3-T/60-cm Siemens Allegra System
The Neuroscience Imaging Center at the the University of Pittsburgh has a state-of-the-art 3 Tesla Siemens Allegra head scanner with a gradient coil, which operates at a maximum gradient strength of 4 gauss/cm and a slow rate of 400 T/m/sec. High-magnetic field and high-performance gradient coil allow scientists to obtain high spatial and temporal resolution functional images. In addition to a standard human head coil, 16-cm and 12-cm inner diameter homogeneous coils are available for imaging large animals. Visual stimulus presentation (field of view: 26º) is achieved by a dedicated computer running E-Prime in conjunction with rear projection, and an AVOTEC headphone system is accessible for auditory presentation. An In Vivo physiological monitoring system (ECG, oxygen saturation, heart rate and respiration rate), an ASL in-scanner Eye Tracking system, and an Infrared patient monitoring system are also available. For human researchers, a full-scale mock scanner simulator is in place at the NIC. For non-human imaging researchers, a dedicated animal preparation room is available adjacent to the scanner room, and animals can be transferred into the scanner room through an animal-dedicated door from the animal preparation laboratory. For more information, please check the NIC web.

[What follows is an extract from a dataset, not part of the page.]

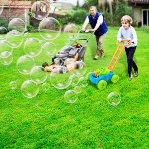 All toddlers like bubbles, it create a beautiful world- green grass, blue sky, old castle with bubbles, like the scene of fairy story.kids can push it to anywhere with bubbles, easy to star and stop the bubbles by pressing the button on bubble mower.It looks just like mom and dad's lawn mower with it's realistic design with shape and engine sounds.Who said yard work had to be boring? Mowing with dad got lots of fun.

Electronics and Chemistry Facilities
The Neuroimaging Laboratory houses an electronic shop that is used to construct RF coils and animal cradles needed for our MR studies. The shop contains an Agilent RF network analyzer, Fluke RCL meter and function generator, a Tektronix 500 MHz digital oscilloscope, Morris tuning meters, stores of variable and fixed capacitors, soldering equipment, a drill press, band saw, table saw and hand tools, etc. need to construct the requisite RF hardware. The Neuroimaging Laboratory has the expertise to home-build animal cradles, MR-compatible head holders, and RF coils. A chemistry lab is equipped with a fume hood, pH meter, a scientific balance, ultra low temperature freezer, etc for preparing and storing samples.
All of the imaging instruments have been networked via Ethernet allowing efficient transfer of data. Sufficient data storage space is available. Laser printers and pdf scanner are also available.
Other MR Instruments Available
The Pittsburgh community has many MR systems our lab can access. The most significant one in the Magnetic Resonance Research Center at the Department of Radiology is a 7-T whole-body Siemens MRI, which has capability of 32 receive channels and 8 independent transmitter channels. Two 3-T Siemens Tim Trio systems (40 mT/m peak gradient strength and 150 mT/m/sec slew rate) equipped with 32 receive channels are also available. In addition, the Pittsburgh NMR Center for Biomedical Research has a 7-T/20-cm and a 4.7-T/40-cm Bruker MR system.